Question

A set of lines $x+y-2+\lambda (2x+y-3)=0$ represents incident rays on an ellipse $S=0$ and
$2x+3y-23+\mu (2x-y-3)=0$ represents the set of reflected rays from the ellipse where $\lambda ,\mu \in R.$ If $P(3,7)$ is a point on the ellipse normal at which meets the major axis at $N$ then

• A. Eccentricity of ellipse is $\frac{\sqrt{5}}{2\sqrt{2}+1}$
• B. $N$ divides line segment joining two foci in the ratio $2\sqrt{2}:1$
• C. Area of triangle formed by point $P$ and two foci is $5$ Sq. unit.
• D. Eccentricity of ellipse is $\frac{\sqrt{5}}{2\sqrt{2}-1}$

Answer 1

Answer: (A), (B), (C)

Area of triangle formed by point $P$ and two foci is $5$ Sq. unit.

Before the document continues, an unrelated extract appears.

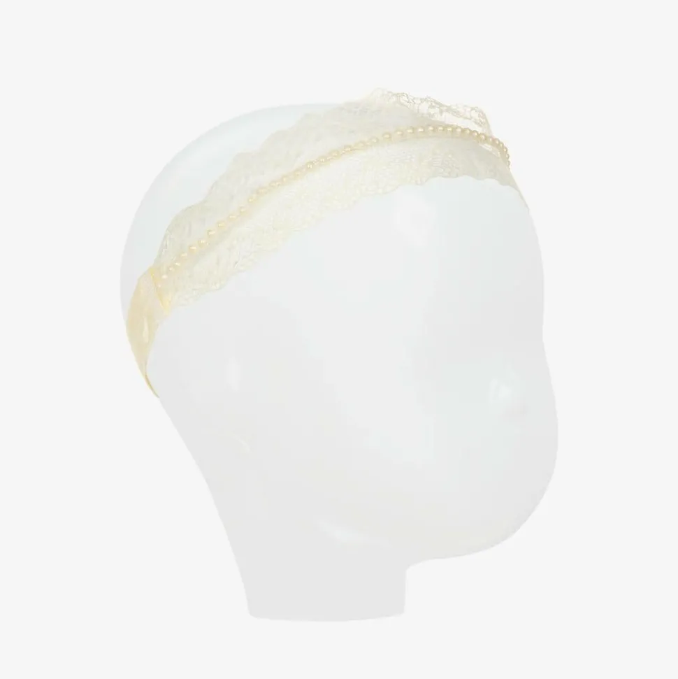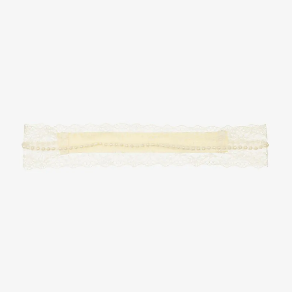 Gorgeously elegant, this ivory headband for baby girls is by British brand Cute Cute. Beautifully handmade from lightweight lace, it is embellished with a row of faux pearls for a delicate finish. There is an elasticated panel on the back to ensure comfortable wear.

Since rays eminating from one focus after reflection passes through other focus.
One focus should be concurrency point of the first family of lines i.e. $S_1(1,1)$ and the other is point of concurrency of the second family i.e. $S_2(4,5)$.
Given $P(3,7)$ is a point on the ellipse
$\Rightarrow 2a=P{S}_1+P{S}_2\Rightarrow 2a=\sqrt{5}(2\sqrt{2}+1)$
And $2ae=S_1{S}_2=5$
$\therefore e=\frac{\sqrt{5}}{(2\sqrt{2}+1)}$
$\because$ Normal is angular bisector for triangle $S_{1}P{S}_2$
$\Rightarrow \frac{N{S}_1}{N{S}_2}=\frac{P{S}_1}{P{S}_2}=\frac{\sqrt{40}}{\sqrt{5}}=2\sqrt{2}$

Now for line $S_1{S}_2:4x-3y=1$
perpendicualr distance from $P$ is
$d=\frac{10}{5}=2$ unit
$\therefore$ Area of
$△P{S}_1{S}_2=\frac{1}{2}\cdot d\cdot S_1{S}_2=\frac{1}{2}\times 2\times 5=5\text{sq. unit}$